_WHAT NEEDS TO BE DONE_.
With the pictures left aside, write out exactly the lines of the listing below from the line with "вставки, грифель, 210344" to the line with "권역별 배정 인원은 대학별", both included, and only those.

_RAW DATA_.
§ §

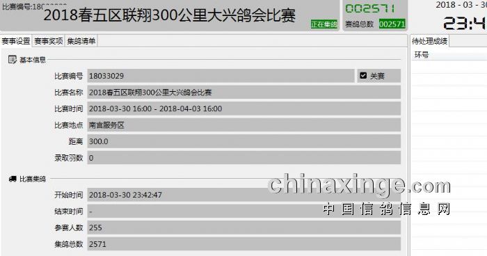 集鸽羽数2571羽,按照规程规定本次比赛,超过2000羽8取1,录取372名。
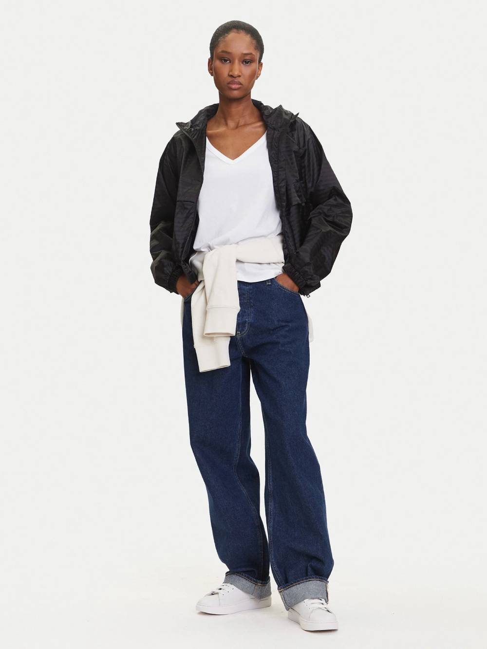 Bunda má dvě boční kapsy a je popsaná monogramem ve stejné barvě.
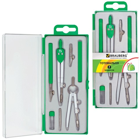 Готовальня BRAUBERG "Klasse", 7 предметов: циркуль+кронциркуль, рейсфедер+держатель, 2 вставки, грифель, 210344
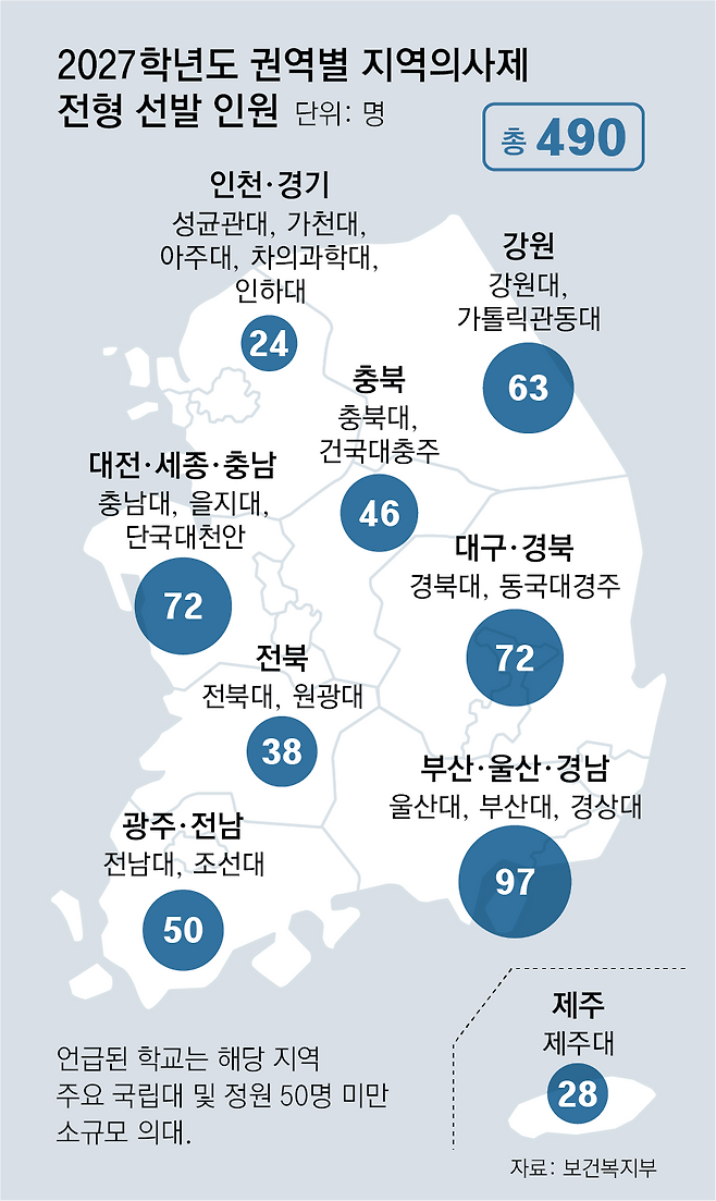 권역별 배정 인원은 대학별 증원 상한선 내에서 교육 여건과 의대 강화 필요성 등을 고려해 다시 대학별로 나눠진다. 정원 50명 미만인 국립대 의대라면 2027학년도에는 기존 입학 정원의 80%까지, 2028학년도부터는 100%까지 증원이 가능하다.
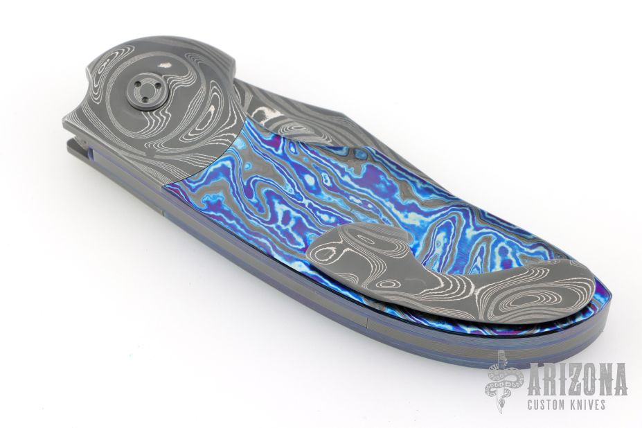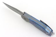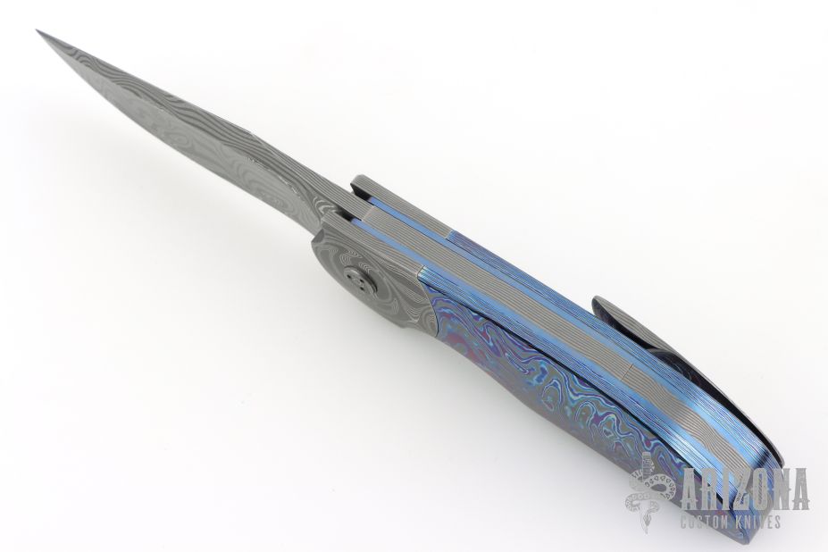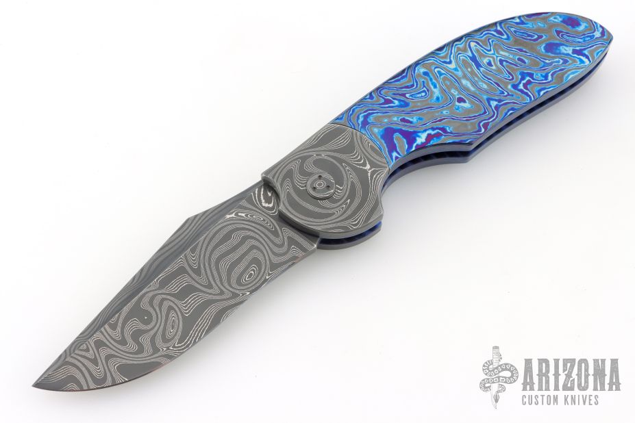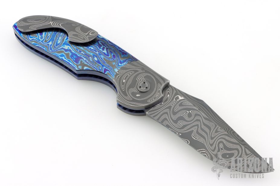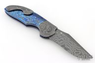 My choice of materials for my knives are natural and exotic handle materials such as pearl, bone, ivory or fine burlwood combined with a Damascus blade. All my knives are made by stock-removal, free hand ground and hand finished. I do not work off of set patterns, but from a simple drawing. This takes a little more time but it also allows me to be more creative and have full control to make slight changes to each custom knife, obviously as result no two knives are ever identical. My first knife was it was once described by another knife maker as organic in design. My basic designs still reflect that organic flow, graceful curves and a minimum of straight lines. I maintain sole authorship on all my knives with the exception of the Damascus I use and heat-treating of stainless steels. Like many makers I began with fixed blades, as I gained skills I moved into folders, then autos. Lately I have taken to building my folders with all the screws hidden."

§ §

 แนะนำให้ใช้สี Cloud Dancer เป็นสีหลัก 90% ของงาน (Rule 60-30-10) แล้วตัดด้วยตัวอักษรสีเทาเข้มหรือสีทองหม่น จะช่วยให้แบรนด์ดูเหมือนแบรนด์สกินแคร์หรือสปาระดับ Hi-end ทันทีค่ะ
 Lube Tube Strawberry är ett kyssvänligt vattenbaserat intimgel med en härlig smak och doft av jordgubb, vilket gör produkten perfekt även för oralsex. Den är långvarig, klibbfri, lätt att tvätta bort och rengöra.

§ §

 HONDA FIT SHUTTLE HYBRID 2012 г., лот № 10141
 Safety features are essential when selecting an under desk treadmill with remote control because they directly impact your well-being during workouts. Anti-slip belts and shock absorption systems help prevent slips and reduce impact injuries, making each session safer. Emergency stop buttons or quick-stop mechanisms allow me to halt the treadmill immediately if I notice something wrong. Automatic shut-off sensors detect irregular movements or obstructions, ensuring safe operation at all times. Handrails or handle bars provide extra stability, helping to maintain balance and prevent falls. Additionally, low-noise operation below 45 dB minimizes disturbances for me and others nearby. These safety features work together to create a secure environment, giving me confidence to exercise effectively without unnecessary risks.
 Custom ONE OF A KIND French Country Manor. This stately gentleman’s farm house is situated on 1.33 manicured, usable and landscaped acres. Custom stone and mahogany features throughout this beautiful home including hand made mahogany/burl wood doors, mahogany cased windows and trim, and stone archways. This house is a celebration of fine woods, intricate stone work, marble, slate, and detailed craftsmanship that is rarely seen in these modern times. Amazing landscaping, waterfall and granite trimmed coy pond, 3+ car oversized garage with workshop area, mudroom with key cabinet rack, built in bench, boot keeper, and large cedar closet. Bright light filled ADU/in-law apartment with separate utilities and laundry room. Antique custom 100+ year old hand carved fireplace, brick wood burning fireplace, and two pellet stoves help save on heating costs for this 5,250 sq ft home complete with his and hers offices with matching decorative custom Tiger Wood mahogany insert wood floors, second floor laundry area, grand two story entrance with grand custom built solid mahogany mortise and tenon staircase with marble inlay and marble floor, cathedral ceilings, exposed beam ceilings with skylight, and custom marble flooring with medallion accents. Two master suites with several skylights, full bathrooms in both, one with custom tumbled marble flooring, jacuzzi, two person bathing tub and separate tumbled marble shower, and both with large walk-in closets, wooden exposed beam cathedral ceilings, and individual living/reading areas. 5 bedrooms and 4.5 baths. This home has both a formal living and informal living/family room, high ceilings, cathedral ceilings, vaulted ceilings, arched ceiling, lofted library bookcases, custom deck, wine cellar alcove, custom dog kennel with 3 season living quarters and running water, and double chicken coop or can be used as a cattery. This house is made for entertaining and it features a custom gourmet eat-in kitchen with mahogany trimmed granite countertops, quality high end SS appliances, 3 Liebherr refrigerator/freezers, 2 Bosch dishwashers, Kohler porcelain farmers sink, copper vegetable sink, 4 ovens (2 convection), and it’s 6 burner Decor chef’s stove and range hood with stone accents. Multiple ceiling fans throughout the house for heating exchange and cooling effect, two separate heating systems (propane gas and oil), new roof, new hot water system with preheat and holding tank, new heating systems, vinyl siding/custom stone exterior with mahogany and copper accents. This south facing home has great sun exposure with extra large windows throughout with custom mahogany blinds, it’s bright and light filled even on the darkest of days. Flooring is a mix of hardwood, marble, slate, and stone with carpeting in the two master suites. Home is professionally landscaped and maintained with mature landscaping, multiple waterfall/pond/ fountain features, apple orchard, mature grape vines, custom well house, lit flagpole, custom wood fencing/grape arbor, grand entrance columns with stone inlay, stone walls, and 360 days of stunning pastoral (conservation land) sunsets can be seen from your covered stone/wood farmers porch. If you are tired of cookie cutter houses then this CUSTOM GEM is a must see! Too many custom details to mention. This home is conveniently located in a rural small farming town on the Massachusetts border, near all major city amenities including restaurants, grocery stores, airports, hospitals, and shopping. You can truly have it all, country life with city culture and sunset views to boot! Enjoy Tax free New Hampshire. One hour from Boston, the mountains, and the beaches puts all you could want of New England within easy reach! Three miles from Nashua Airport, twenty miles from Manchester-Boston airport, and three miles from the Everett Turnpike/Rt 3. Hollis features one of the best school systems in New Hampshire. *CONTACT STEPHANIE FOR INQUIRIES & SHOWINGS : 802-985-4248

§ §

_RESPONSE TO THE EXERCISE_.
 Готовальня BRAUBERG "Klasse", 7 предметов: циркуль+кронциркуль, рейсфедер+держатель, 2 вставки, грифель, 210344
 권역별 배정 인원은 대학별 증원 상한선 내에서 교육 여건과 의대 강화 필요성 등을 고려해 다시 대학별로 나눠진다. 정원 50명 미만인 국립대 의대라면 2027학년도에는 기존 입학 정원의 80%까지, 2028학년도부터는 100%까지 증원이 가능하다.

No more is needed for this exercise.